No se pueden ofrecer servicios, porque los conocimientos en tecnología y capacitación cualificada, están a niveles rudimentarios. La clase empresarial, por años mamando de las bondades de la dictadura, ante la apertura de los mercados, se ven en la grave disyuntiva de apearse del carro cómodo de apoyar a un sistema totalmente desfasado y pútrido, para enfrentar este reto, que los deja en desventajas inmensurables. Para mantenerse, deben facturar, y para facturar debe haber mercado, y no hay mercado, por la recesión económica, y entrar en mercados extranjeros es poco posible, por las dimensiones de las industrias locales, y por la calidad de los productos ofrecidos.

Se superaron y anularon las barreras proteccionistas, y el mercado interno cada vez está más miserable, crítico y paupérrimo. El timón económico sigue encadenado y dependiente de esa masa electoral de empleados públicos a quienes se les debe el acceso al poder al partido colorado. Así, las circunstancias actuales, deben de separar esta perversa situación. Estamos al borde del precipicio, mientras los demás países de la región intentan recuperarse de las épocas nefastas de sus respectivas dictaduras con progreso, planes y directrices claras; lamentablemente en él nuestro las cosas son aún poco claras.
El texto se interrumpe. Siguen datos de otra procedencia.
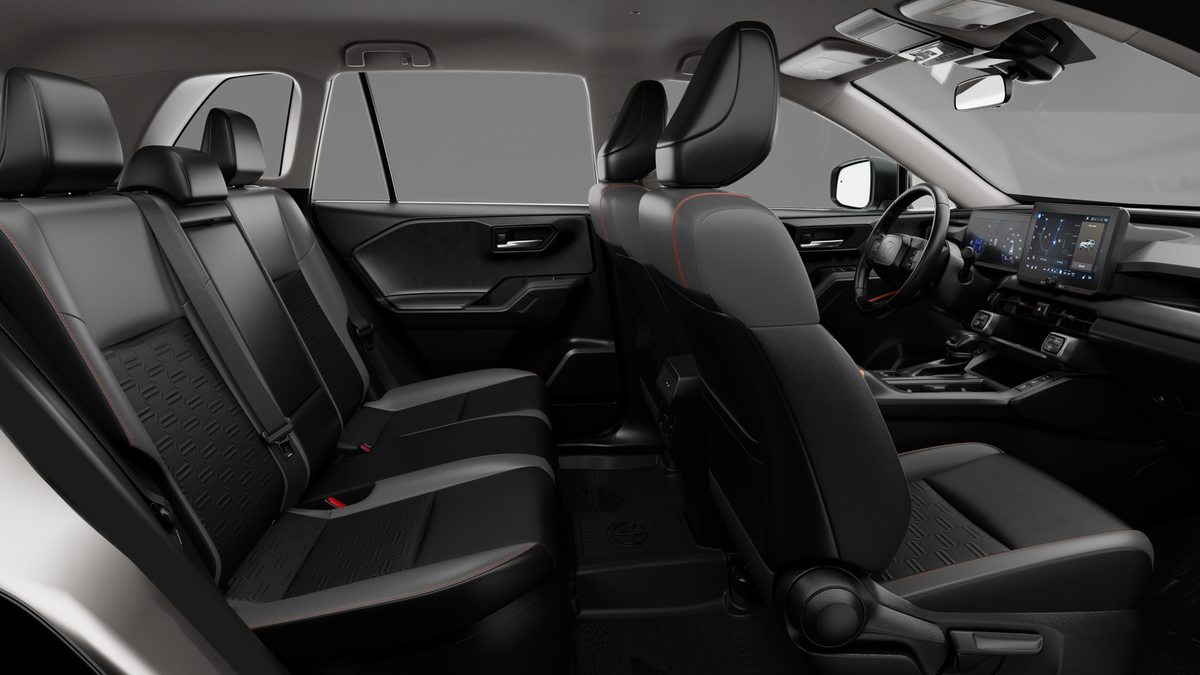- Uniquely patterned perforated soft-touch door and dash panels with interior red orange accents

Hay muchas carencias en la República del Paraguay. Los jóvenes en muy poco tiempo, ante esta encrucijada, con este negro horizonte; van a empezar a exigir, y es muy probable que se sucederán explosiones sociales de impensables consecuencias que la clase política tiene la obligación de preverlas. El reencause del país se debe empezar a gestar, por que ni ya se puede decir "antes de que sea tarde", porque hace rato, que ya se hizo tarde; y esta es la hora en que tenemos que correr todos, para tratar de alcanzarle a la historia, a nuestra realidad, que hace rato ya nos relegó a un lugar que los habitantes de esta república no nos merecemos. Ya demasiados jóvenes van engrosando las filas de los desocupados, y demasiados ya también optaron por dejar esta patria por la vecina Argentina, forzándolos al destierro económico.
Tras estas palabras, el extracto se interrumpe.